Either we have four copies of first inode or - what's much more likely - we're out of luck with this trick. Sadly, it looks like I'll have to read the spec (which is boring) or find another way. I first came across https://github.com/skeledrew/ext4-raw-reader, but it was some ugly Python 2 code and then tried https://github.com/tegrak/Fricando/tree/master/ext4img-parser which didn't seem to get me anywhere either. Then I decided to switch to my second favourite language, which is Rust (and which I'm less fluent at) and after a bit of hacking I managed to run tests for [https://github.com/FauxFaux/ext4-rs](ext4-rs) based on this empty filesystem. Here's the proof:

```
<2> all-types-tiny.img: Directory([DirEntry { inode: 2, file_type: Directory, name: "." }, DirEntry { inode: 2, file_type: Directory, name: ".." }, DirEntry { inode: 11, file_type: Directory, name: "lost+found" }]) Stat { extracted_type: Directory, file_mode: 493, uid: 0, gid: 0, size: 1024, atime: Time { epoch_secs: 1527420384, nanos: None }, ctime: Time { epoch_secs: 1527420384, nanos: None }, mtime: Time { epoch_secs: 1527420384, nanos: None }, btime: None, link_count: 3, xattrs: {} }
<11> all-types-tiny.img/lost+found: Directory([DirEntry { inode: 11, file_type: Directory, name: "." }, DirEntry { inode: 2, file_type: Directory, name: ".." }]) Stat { extracted_type: Directory, file_mode: 448, uid: 0, gid: 0, size: 12288, atime: Time { epoch_secs: 1527420384, nanos: None }, ctime: Time { epoch_secs: 1527420384, nanos: None }, mtime: Time { epoch_secs: 1527420384, nanos: None }, btime: None, link_count: 2, xattrs: {} }
```

I took a leap of faith and decided to read its code.
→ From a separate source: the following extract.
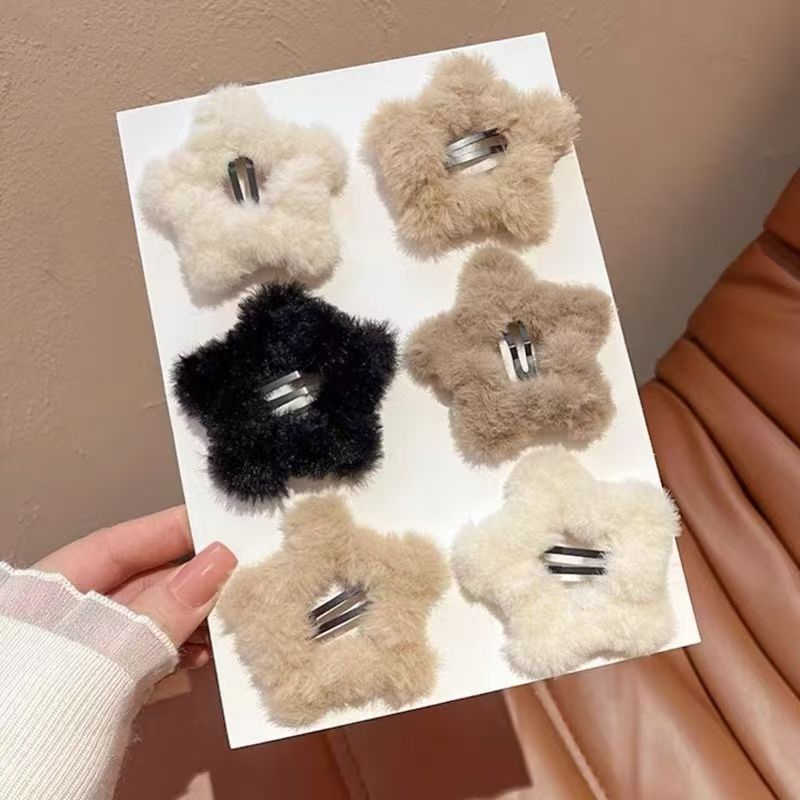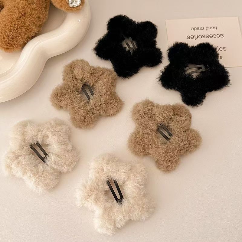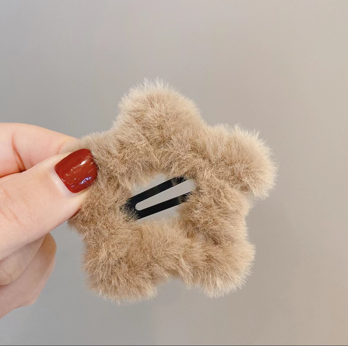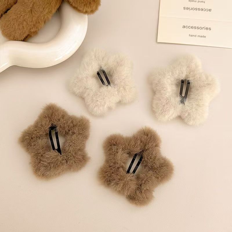 털이 많은 라이스 커피 간단한 스타 BB 클립 소녀 가을과 겨울 봉제 다섯개 별 사이드 클립 귀여운 헤어 액세서리 헤어핀스토어 가기
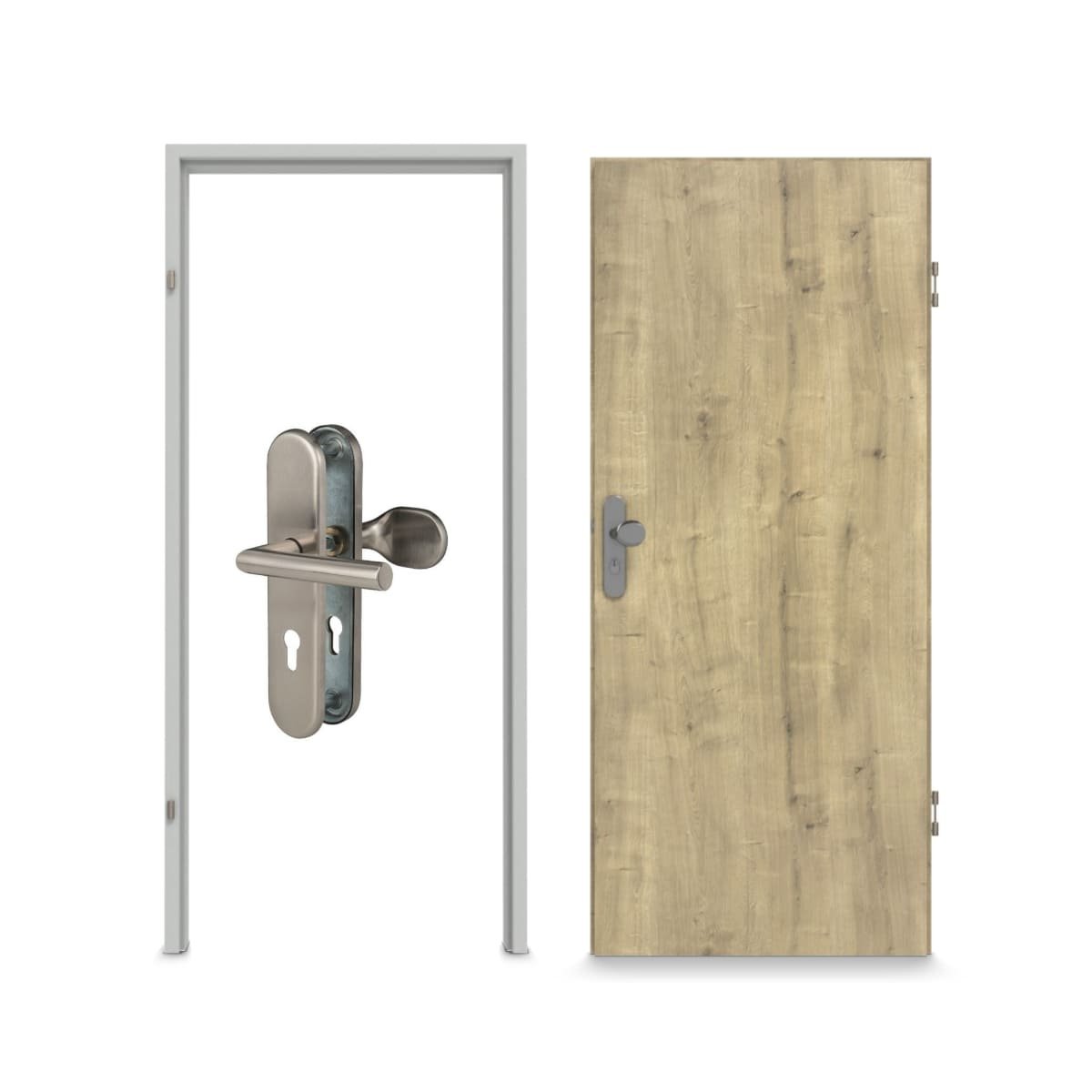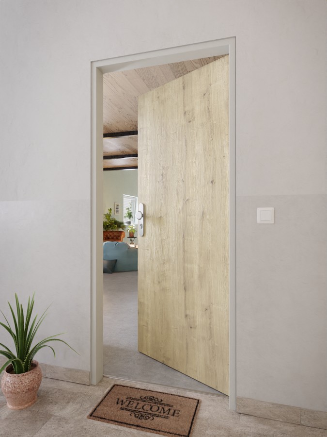 Wypełniona płyta w rdzeniu skrzydła drzwiowego charakteryzuje się imponującą wytrzymałością i stabilnością. Te drzwi radzą sobie z wahaniami temperatury - dzięki klasie klimatycznej 2. W zestawie znajdują się 3-częściowe zawiasy, zamek cylindryczny oraz opadająca uszczelka podłogowa. Wykończenie krawędzi jest kwadratowe.

I found that in order to get to an inode, I probably need to parse block group data which is in the next 1024 bytes, so let's see if `parse_ext4_description_at_offset` will get me anywhere:

In [None]:
from pprint import pprint
sblk = parse_ext4_description_at_offset(1024, 'The_Super_Block')
blocks_count = 1  # TODO: got this from ext4-rs, was nontrivial to calculate
groups = []
with open('fs.img', 'rb') as f:
        f.seek(2048)
        for i in range(blocks_count):
            group = parse_ext4_description_at_offset_f(f, 'Block_Group_Descriptors')
            groups.append(group)
            pprint(group)

It seems that we should be looking for the inode at block 35. Let's try:

In [None]:
offset = 1024 * groups[0]['bg_inode_table_lo'][0]
inode_number = sblk['s_first_ino'][0] - 1
offset += (inode_number * sblk['s_inode_size'][0])
parse_ext4_description_at_offset(offset, 'Inode_Table')

Yay! We've got sane `i_mode` (because `oct(16832)` == `'0o40700'`) and it looks like we're on a good way towards actually reading the directory name. We know `i_size_lo = 12288`, but where is it exactly and how to parse it?